Def files use a simple flat file data storage format in ASCII text. A line in a def file will be one of:
The parameter-value pair lines have the form:
PARAMETER value
The parameter-type-value triplets have the form:
PARAMETER type value
The elements on each line are separated by whitespace. Parameter names are conventionally uppercased and consist of alphanumeric characters and underscores only. Values can be arbitrary strings or numbers, however they must be enclosed in double quotes if they contain whitespace.
(The types are defined in the $CCP4/etc/types.def file distributed with the CCP4 suite.)
"Indexed" parameters provide structures similar to one and two-dimensional arrays. An indexed parameter is defined using the "zeroeth" element:
PARAMETER,0
The comma (",") indicates that it is an indexed parameter - the index is the part after the the comma. Single indexed parameters have the form:
PARAMETER,i
where i is an integer and counts from 1 upwards. Double indexed parameters have the form:
PARAMETER,i_j
where i and j are both integers and counting up from 1. Note that although the "zeroeth" element is only singly indexed, it also defines doubly indexed parameters i.e. it is only necessary to use PARAMETER,0 (not PARAMETER,0_0).

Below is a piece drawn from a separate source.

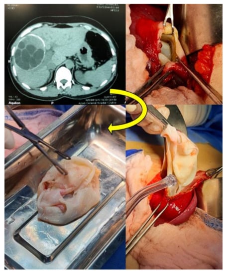 Computed tomography (CT) and the open surgery procedure for the excision of Echinococcus granulosus sensu lato cysts (CE3b stage) from a human liver in Duhok city, Duhok governatorate, Kurdistan region, Iraq.
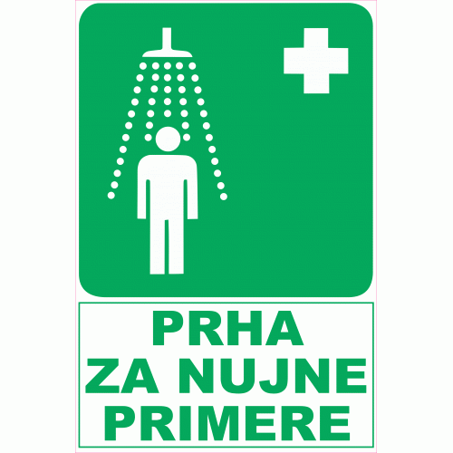 Pravilnika o varnostnih znakih oz. standarda SIST 1013. Znak za prho za nujne primere lahko naročite kot nalepko, tablo PVC ali

The data defining an individual user's projects and def dirs is stored in a file called directories.def. The def file "schema" is:
N_PROJECTS _positiveint1 1 PROJECT_ALIAS,0 _text "" PROJECT_PATH,0 _dir "" PROJECT_DB,0 _dir "" PROJECT_ALIAS,1 _text PROJECT PROJECT_PATH,1 _dir "" PROJECT_DB,1 _dir "" N_DEF_DIRS _positiveint1 1 DEF_DIR_PATH,0 _dir "" DEF_DIR_ALIAS,0 _text "" DEF_DIR_PATH,1 _dir \$CCP4_SCR DEF_DIR_ALIAS,1 _text TEMPORARY
(See also $CCP4/ccp4i/etc/directories.def.dist. Note that the file contains other parameters used by CCP4i for internal purposes, however they are not part of the database model and so are not described here.)
The table below describes what each of these parameters represents:
Parameter | Description |
---|---|
N_PROJECTS | Total number of projects defined. |
PROJECT_ALIAS,i | The name/alias of the i'th project. |
PROJECT_PATH,i | The directory path of the i'th project. |
PROJECT_DB,i | The database subdirectory of the i'th project. |
N_DEF_DIRS | Total number of def dirs defined. |
DEF_DIR_PATH,i | The directory path of the i'th def dir. |
DEF_DIR_ALIAS,i | The name/alias of the i'th def dir. |
Each user has their own directories.def file, which resides in a subdirectory in their home area. On UNIX or Linux systems this is:
$HOME/.CCP4/unix/directories.def
The database.def file in the project database subdirectory holds the job database data for that project. The def file "schema" is:
NJOBS _positiveint 0 TASKNAME,0 _text "" DATE,0 _date "" STATUS,0 _db_status "" LOGFILE,0 _log_file "" RUNFILE,0 _run_file "" SCRATCH,0 _dir "" TITLE,0 _text "" INPUT_FILES,0 _list_of_files "" INPUT_FILES_DIR,0 _list_of_files "" INPUT_FILES_STATUS,0 _list_of_text "" OUTPUT_FILES,0 _list_of_files "" OUTPUT_FILES_DIR,0 _list_of_files "" OUTPUT_FILES_STATUS,0 _list_of_text ""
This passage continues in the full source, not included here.